The right person to speak to very much depends on what you want to learn about. If you’re a law student and think you want to be a partner at a law firm, your starting point is likely to be recent graduates who have secured roles at law firms that interest you. If you’ve been working for a big corporate in marketing for 5 years and want to move to a small ad agency, you could be trying to speak to people who have made similar moves.

I would always start by thinking through my own network. Do I know anyone who has made a similar decision? This doesn’t have to be direct connections, e.g. you may know a friend’s sister who has relevant experience. If there’s no one in your immediate network, I would recommend using LinkedIn to find interesting people. Start with relevant company pages and check the employees that work there. Is there anyone you have something in common with (e.g. is there anyone that went to the same university as you? Perhaps there’s someone with the same previous employer?)

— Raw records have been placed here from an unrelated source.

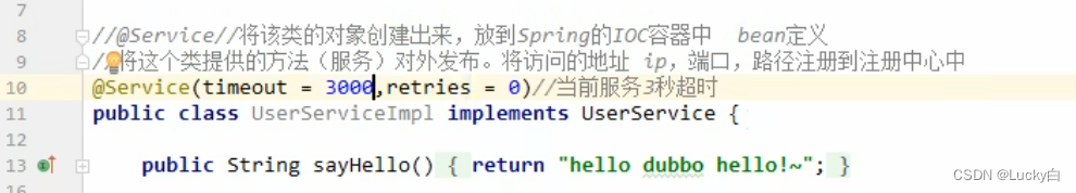 mock=fail:return null表示消费方对该服务的方法调用在失败后,再返回null值,不抛异常。用来容忍不重要服务不稳定时对调用方的影响。
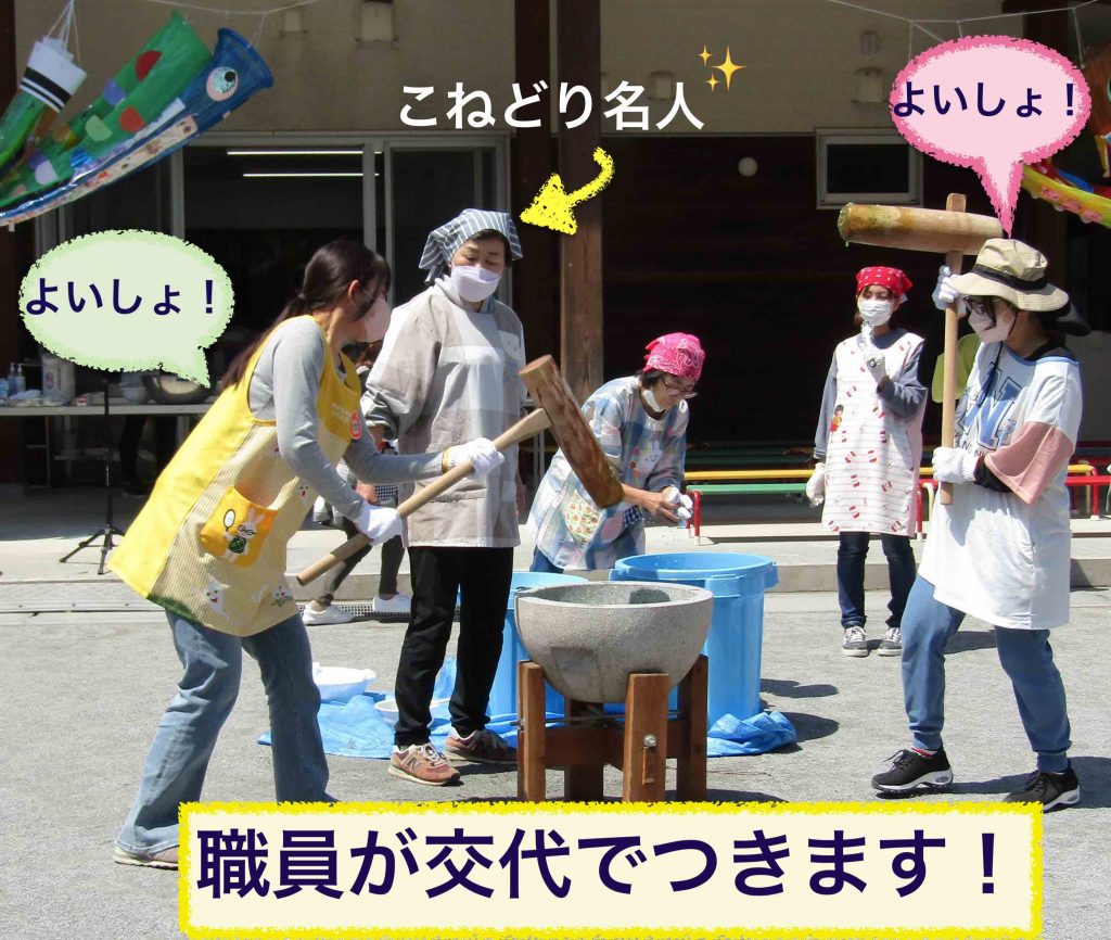 いよいよお餅つき!!職員が変わるがわるつきます。保育教諭って力仕事なんですよぉ(笑)
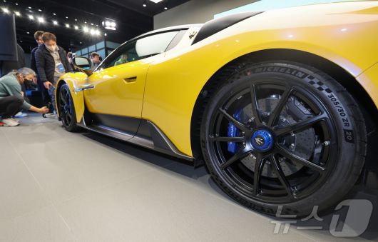 (성남=뉴스1) 안은나 기자 = 마세라티 코리아 고성능 슈퍼 스포츠카 ‘GT2 스트라달레(Stradale)’ 공식 출시 행사가 열린 22일 경기 성남시 분당구 마세라티 판교 전시장에 차량이 진열돼 있다. 이탈리아 모데나에서 100% 한정 주문 생산 방식으로 제작되는 GT2 스트라달레는 레이싱 퍼포먼스 구현을 위해 차중량을 MC20 대비 59kg 줄였으며, 공기 흐름을 정교하게 다듬은 바디 패키지, 대형 리어 윙 등은 280km/h의 고속 주행 시 최대 500kg에 달하는 다운포스를 생성한다. 2026.1.23/뉴스1
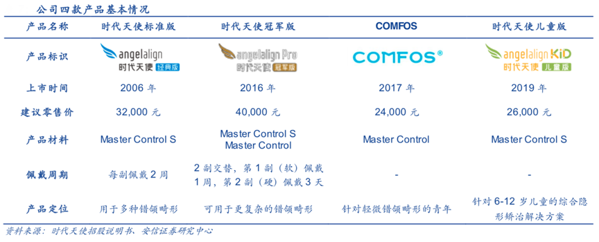 經(jīng)典案例:根據(jù)時代天使招股說明書、安信證券研究中心等綜合資訊表明,時代天使公司產(chǎn)品管線豐富,自2006 年推出首款隱形矯治器時代天使標(biāo)準(zhǔn)版后,又分別于 2016 年推出時代天使冠軍版,2017 年 推出COMFOS,2019 年推出時代天使兒童版,旨在形成全面的產(chǎn)品組合。
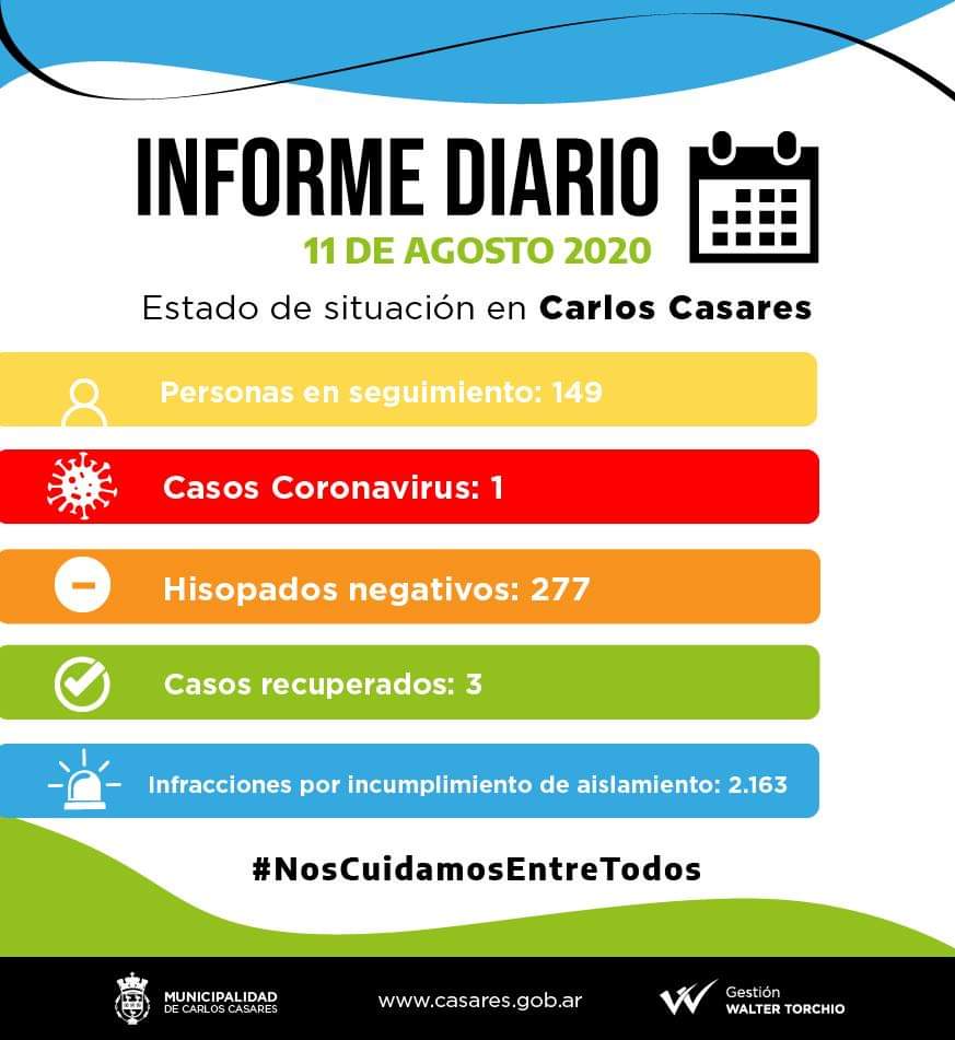 El jefe comunal, Walter Torchio brindó su informe diario donde remarcó que “no hay circulación viral” en Carlos Casares y además explicó que no se están realizando hisopados por se llegó al cupo.
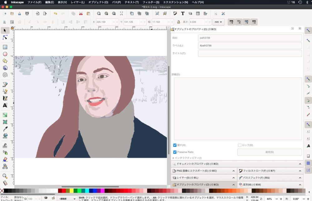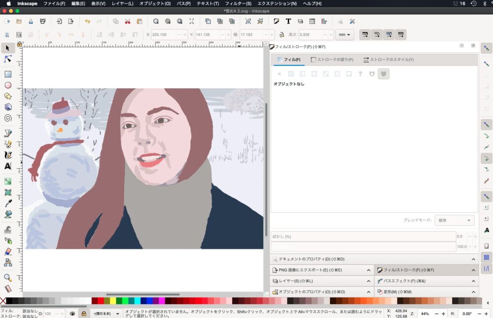 キャンバスサイズは、その場の広がりを感じさせる1708×1138pxのワイドサイズを選択しました。使用したツールは、もはや私の体の一部とも言える「Inkscape 1.0」のカリグラフィツール一本です。
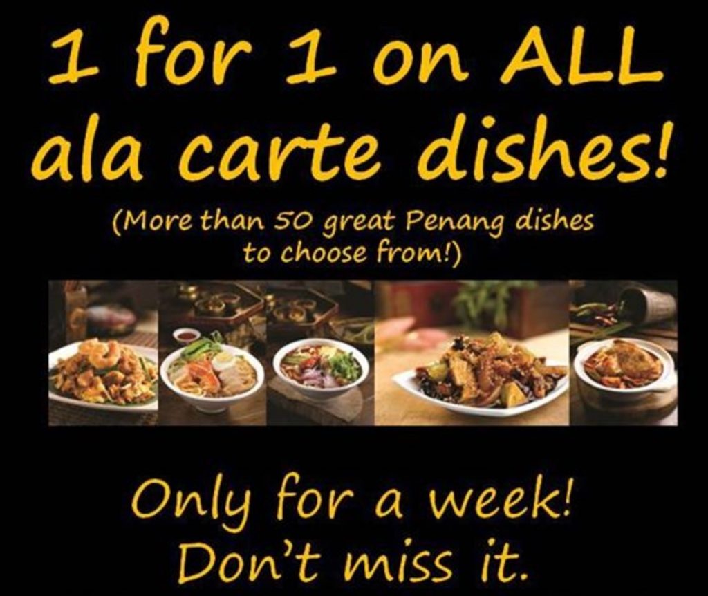 简直令吃货难以置信,Penang Culture @Causeway Point现在所有菜单上的菜品,都能享受1 for 1的特别活动!对嗒我们都没有看错,是所有菜品~还有什么比这更让吃货们兴奋的~呼朋引伴去大吃一顿吧!
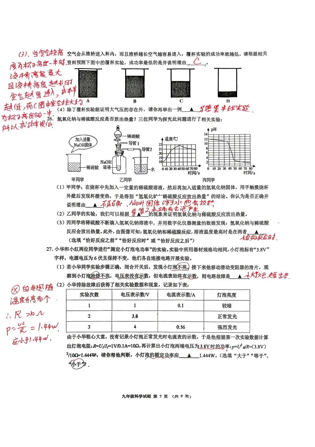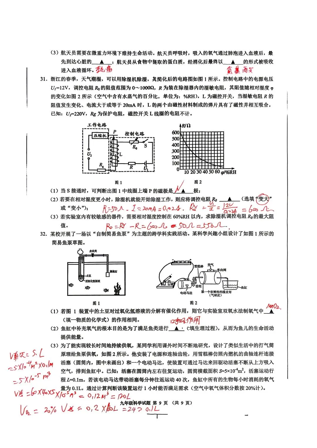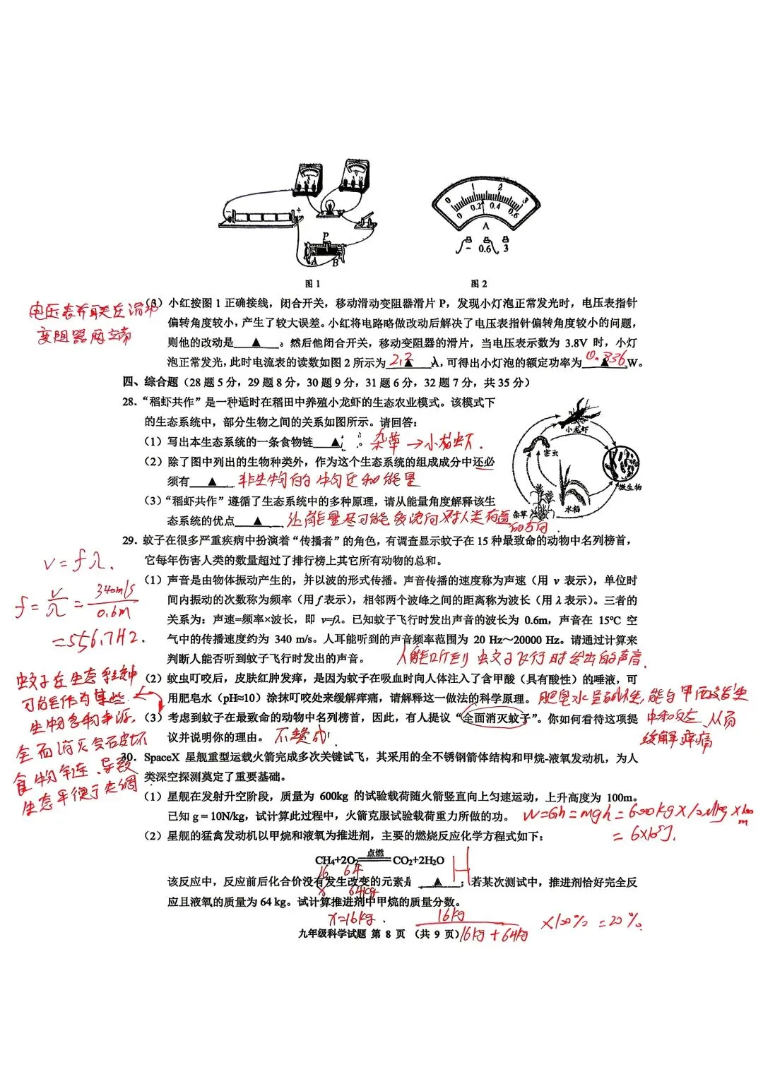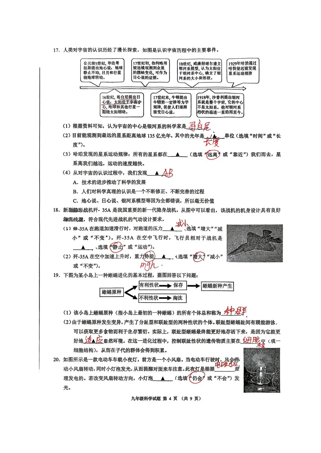 中考科学一模杭州新碶统考试卷手写答案分析
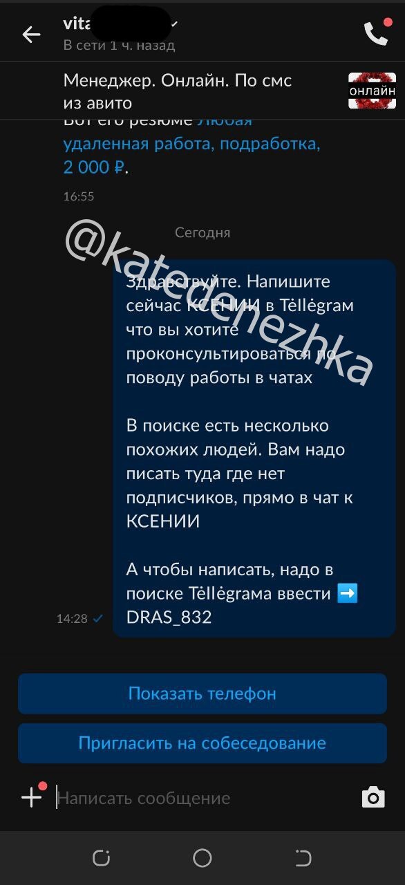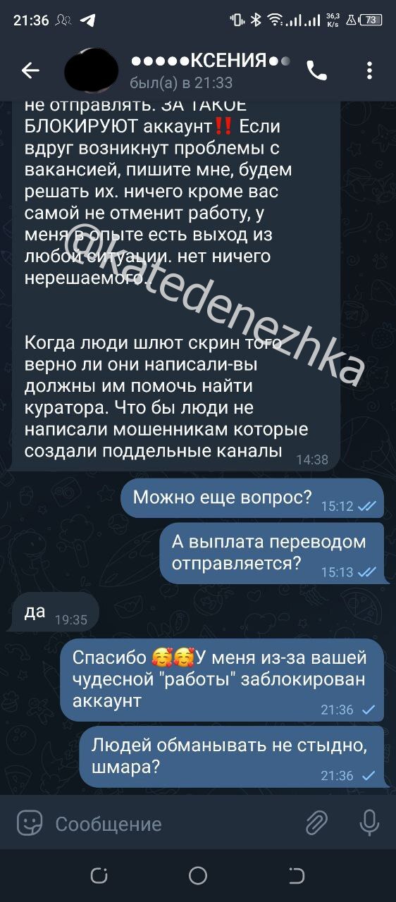 Однако тогда я этого не знала и сочла это ещё одним подтверждением того, что передо мной честный работодатель. Уже через 4 часа к вечеру я обнаруживаю, что мой аккаунт Avito, в котором у меня подтверждены все данные, навсегда заблокирован (потом я много раз пробовала восстановить его, но тщетно). Я в возмущении пишу Ксении (так предположительно зовут эту мошенницу), но она уверяет, что это на время, и что аккаунт восстановят, и предлагает выплатить мне двойное вознаграждение за первый день работы в качестве компенсации, а также деньги за публикацию объявления – 8500₽. Меня это сразу напрягло, но почему-то в том момент я решила довериться ей и согласилась.

It’s always worth trying to find a few relevant people and not just one, to increase your chances of getting a response (it’s a numbers game!). Don’t be disheartened if you don’t get a response from everyone. When you’ve had one meeting, you can also ask the people you meet to introduce you to others they know who might be able to help.

How to start the conversation

To give yourself the best chance of success, the initial contact should be as strong as possible. If you have a friend or connection in common, it can help to get an introduction. If you can’t get an introduction, getting the first message right is really important.

It helps not to go in asking for a huge commitment (e.g. ‘I’m looking for a mentor’), as that can put a lot of pressure on the person. Giving someone a chance to respond over email/message shows understanding that you know they’re busy (and you should still get their insights).

Here’s an example of a message that would get me excited to respond (vs. someone that just reached out and said: ‘Hey, can we go for coffee so I can get your advice?’). These kind of messages work particularly well if you make it clear why you’re reaching out specifically to that person (vs. the other similar 50 people on LinkedIn).

Hi Theo, I’ve checked out your website, your new business looks really exciting!

I’m currently in my final year and thinking about what next steps I can take to put me in the best position to start a business in 5 years.

I’m considering going into finance as my first job out of university and would love to get your advice. I’m particularly keen to hear about how your learnings there compared to those you picked up working for a startup.

Would it be possible to meet for a coffee to hear more about your experiences (happy to continue chatting via message if that’s more convenient)? I’d also be happy to give my perspective on what you’re working on and help in any other way I can

Hopefully starting off with this kind of message gets you into a conversation. When you meet, make sure you have a clear idea of what you want to ask and what you hope to learn. There’s no need to prepare a full agenda, as it’s good to see where the conversation goes, but it’s worth preparing a few smart questions.

How to maintain a good relationship with your network

After you’ve met the person, I always like to send a thank you email the same day. If you had a good discussion, it’s valuable to keep the relationship warm going forward. You never know when you might want to go back for advice. I’ve let professional relationships go cold to the point where it feels a little awkward to reach out and ask for advice.

The best way to keep this up is to send your most valuable connections regular updates. This could be as simple as sending someone a brief email once every 6–12 months checking in with how they’re doing and giving them a quick update, for example:

Hi Theo, hope you’re well!

Thanks again for meeting me back in June and for all your advice. How’s your new business going?

I just received an internship offer from [company] for this summer, which I’ve decided to take. I’m hoping this will help me decide if it’s the right move for me after university, but it will be good experience nevertheless!

I’ll let you know how it goes and might want to get your advice on what to do next once I’ve finished.

Building up a network of people you can tap into for advice will pay dividends as you progress thinking about your career choices, the earlier you start the better!